Video report by ITV Correspondent Rachel Younger
Women have described the impact a shortage of stocks of Hormone Replacement Therapy (HRT) could have on them as it is revealed half of the most commonly prescribed forms of the drug are out of stock in many pharmacies.
Around two and a half million prescriptions for HRT are issued in England every year to combat the symptoms of the menopause, but according to the British Menopause Society, stocks are running low, leaving many women without treatment.
The charity has warned supplies could run out in weeks, a prospect that women at a menopause support group in London told ITV News was "terrifying".
Judit Seymour - who's resorted to paying privately for HRT - depends on a brand of patches now in short supply. She describes the "sheer panic" she felt after once running out of patches and says she is afraid she would not be able to cope if the symptoms of the menopause returned.
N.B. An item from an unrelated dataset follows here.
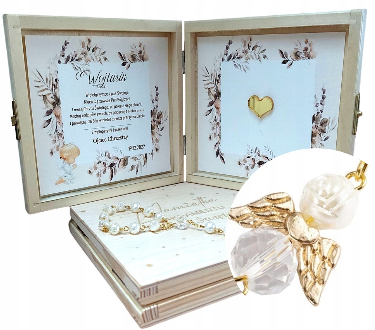 Сувенір Хрещення коробка із ЗОЛОТИМ РОЗАРІЄМ

"I think it's tragic, I think it's wrong because I don't want to live through all that again.
"I'll buy it from abroad. I'll go to Canada. I have relatives there. I'm going to have to think outside the box."
The reasons for the shortage are unclear, but the reality of living with the menopause is a not, impacting on everyday life in a way that can make even the smallest task a challenge.
"Getting ready to go to work takes longer. The hot sweats. I just find, even getting out of bed is more difficult, because you get the aches and pains. I wake up and I feel like a 90-year-old woman," Nicki Hussain told ITV News.
Another member of the menopausal support group described the emotional turmoil it brings: "Things annoy you,." Johanne Hudson said. "People annoy you. Situations that you shouldn't find emotional at all make you cry. And by the end of the day, you're absolutely exhausted."
The manufacturers of Evorel patches have warned its supplies could run out in weeks while Myland HRT say some of its pills are in short supply.
"We have to have to have this medication available," Sara Coote told ITV News. "To be not able to get certain things, I'm absolutely speechless. There's just no words for this. I'm not sure who's responsible but this needs changing. Very quickly too."
The Department of Health says supplies of alternative HRT products are available, but, as one doctor told ITV News, that is of little help to already overstretched GPs who are already struggling to find enough time for appointments.
Dr Sara Kayat said: "It's a matter of finding the right type for you. There are some that are simple switches, but for a lot of them there aren't the exact switch. We have to go through a history, find out what would be appropriate for that woman."
The manufacturers say the supply issues with many HRT products are only temporary. But the uncertainty, and prospect of living without the medication they rely, will only further add to the stress of the menopause for millions of women already suffering.